▶ [Work item]: Would you repeat word for word the lines of the listing that follows, from the one with "This My Party" up to and including the one with "Vendo antica macchina", and leave out the images?

▶ [Data under study]:

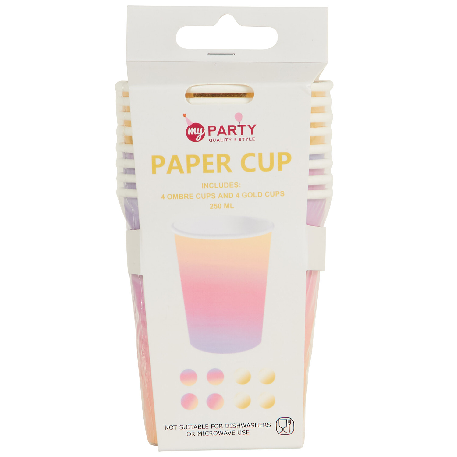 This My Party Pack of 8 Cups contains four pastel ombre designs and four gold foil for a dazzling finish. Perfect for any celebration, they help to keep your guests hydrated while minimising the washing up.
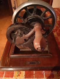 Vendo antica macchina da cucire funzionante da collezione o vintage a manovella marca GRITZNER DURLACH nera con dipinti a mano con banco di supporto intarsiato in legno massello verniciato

---

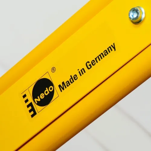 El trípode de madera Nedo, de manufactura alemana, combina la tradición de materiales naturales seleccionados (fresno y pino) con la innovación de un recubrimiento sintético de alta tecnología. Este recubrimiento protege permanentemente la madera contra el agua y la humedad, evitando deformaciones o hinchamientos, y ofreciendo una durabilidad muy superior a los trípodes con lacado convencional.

...

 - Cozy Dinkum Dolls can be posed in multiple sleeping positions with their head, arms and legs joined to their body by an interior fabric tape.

▶ [Your solution]:
 This My Party Pack of 8 Cups contains four pastel ombre designs and four gold foil for a dazzling finish. Perfect for any celebration, they help to keep your guests hydrated while minimising the washing up.
 Vendo antica macchina da cucire funzionante da collezione o vintage a manovella marca GRITZNER DURLACH nera con dipinti a mano con banco di supporto intarsiato in legno massello verniciato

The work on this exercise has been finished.